Howie Roseman described this as a “meat and potatoes draft,” heavy on quality offensive and defensive linemen, especially early. The Eagles are picking early, of course – No. 4 to be exact — and the general manager emphasized time and again during his hour-long session with reporters Monday that the organization has learned its lessons from previous drafts-gone-awry and will stay true to the board.
While smokescreens are being deployed by all 32 teams this time of year, Roseman’s opinion on the strength of this class is in line with what independent analysts have been saying for weeks. The best bet is to add a hearty ingredient to the Philly stew.
Quarterback is a much more complex cuisine, and has the ability to drastically enhance or completely destroy the overall product.
Roseman was asked about the damaging effects of spending a high pick on a quarterback – to tying your team to the wrong guy.
“I’ll take it one step forward,” said Roseman. “You’re passing on a player that you think will be a really good player at a different position. Like anything in this draft, you want to be sure. You don’t want to take someone because you think.

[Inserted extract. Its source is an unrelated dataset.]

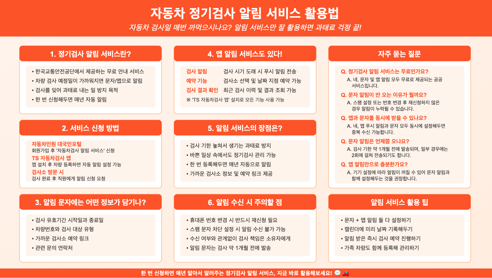자동차 검사일 챙기는 게 어렵게 느껴졌다면, 오늘 알려드린 ‘정기검사 알림 서비스’를 꼭 활용해보세요. 한 번 신청만 해두면 매년 알아서 알려주니 진짜 마음이 편해져요. 검사일 놓쳐서 벌금 내는 일, 이젠 안 해도 되죠. 특히 앱까지 함께 쓰면 예약, 결과 확인까지 한 번에 가능하니 완전 추천이에요. 여러분도 지금 바로 알림 신청하고 내 차 건강, 확실하게 챙겨보세요!
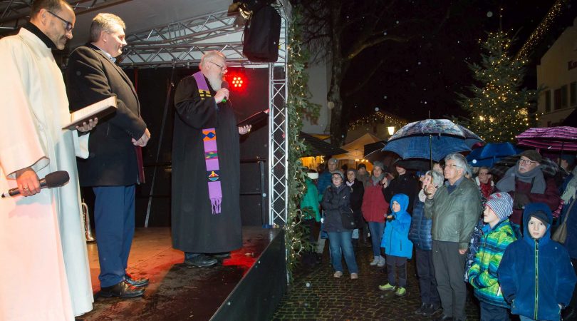 Zu Beginn animierte die hohe Geistlichkeit Frauen und Männer den Kanon „Seht die gute Zeit ist da“ zu singen. „Advent ist Vorweihnachtszeit, also Weihnachten vor Weihnachten oder sagen wir es ganz ehrlich – Weihnachten mit langem Anlauf“. Mit nachdenklichen, vielleicht auch provokanten Worten hinterfragten Werner Hofmann und Andreas Sargant den Advent in der heutigen, schnelllebigen Zeit. Karl-Friedrich Wackerbarth appellierte an die Wende in den Köpfen – an eine Zeit für Umkehr um gemeinsam für das Leben zu kämpfen. „Da der Glühwein zu den geistlichen Getränken gehört, fördert er vielleicht auch geistreiche Ideen“, so Wackerbarth und rief die Besucherinnen und Besucher dazu auf, auf Smalltalk zu verzichten und die Zeit hier auf dem Christkindlmarkt zu nutzen, große Themen wie die Klimawende anzugehen. „Noël est la fête de l`amour … – Weihnachten ist das Fest der Liebe, der Aufnahme und nicht des Ausgrenzens“, betonte Erster Bürgermeister Jürgen Seifert in seiner kurzen Ansprache, die er für die Gäste aus der französischen Partnergemeinde Graulhet übersetzen ließ.

“We’re not going to force anything. Our draft board may not be the same as people in this room or people outside of this room, but we feel very comfortable with the process and where we’re at.”
If you read between the lines and trust what is being written there, Geno Smith is not the pick. The quarterback has been tied to the Eagles quite a bit. But the West Virginia product is generally described more as the best in an underwhelming QB class, and less as a sure thing.
“When you are picking four, taking a chance [Roseman laughs]…anyone we’re picking we’re confident in what kind of player they are going to be,” he said.
It is possible the Eagles have that kind of full confidence in Smith, but it is more likely that they still have a doubt or two.
Roseman was asked to describe the quarterback class as a whole.
“You look at last year, and I think the expectations are out of whack on groups going forward because last year was a unique group,” he said. “When we look back at that group, I think it’s going to be one where people look at and say it was a rare opportunity in the NFL, certainly at the top when you talk about those guys. If you take out last year and compare it to other years, it falls more in line.”
Beyond Smith, the Eagles have been tied to Florida State’s EJ Manuel and Arizona’s Matt Scott. Both of those signal-callers seemed to enjoy a bump in stock this offseason. Interstingly, Roseman allowed that the team’s QB rankings did not change at all from 1-3 from the end of the season to now, and believes the same is true for the entire top 5. They have not been heavily swayed by Senior Bowl performances, Combine results or personal visits, by the sounds of it.
Have they been impressed enough to pull the trigger on one of these quarterbacks? Perhaps, but likely not at No. 4.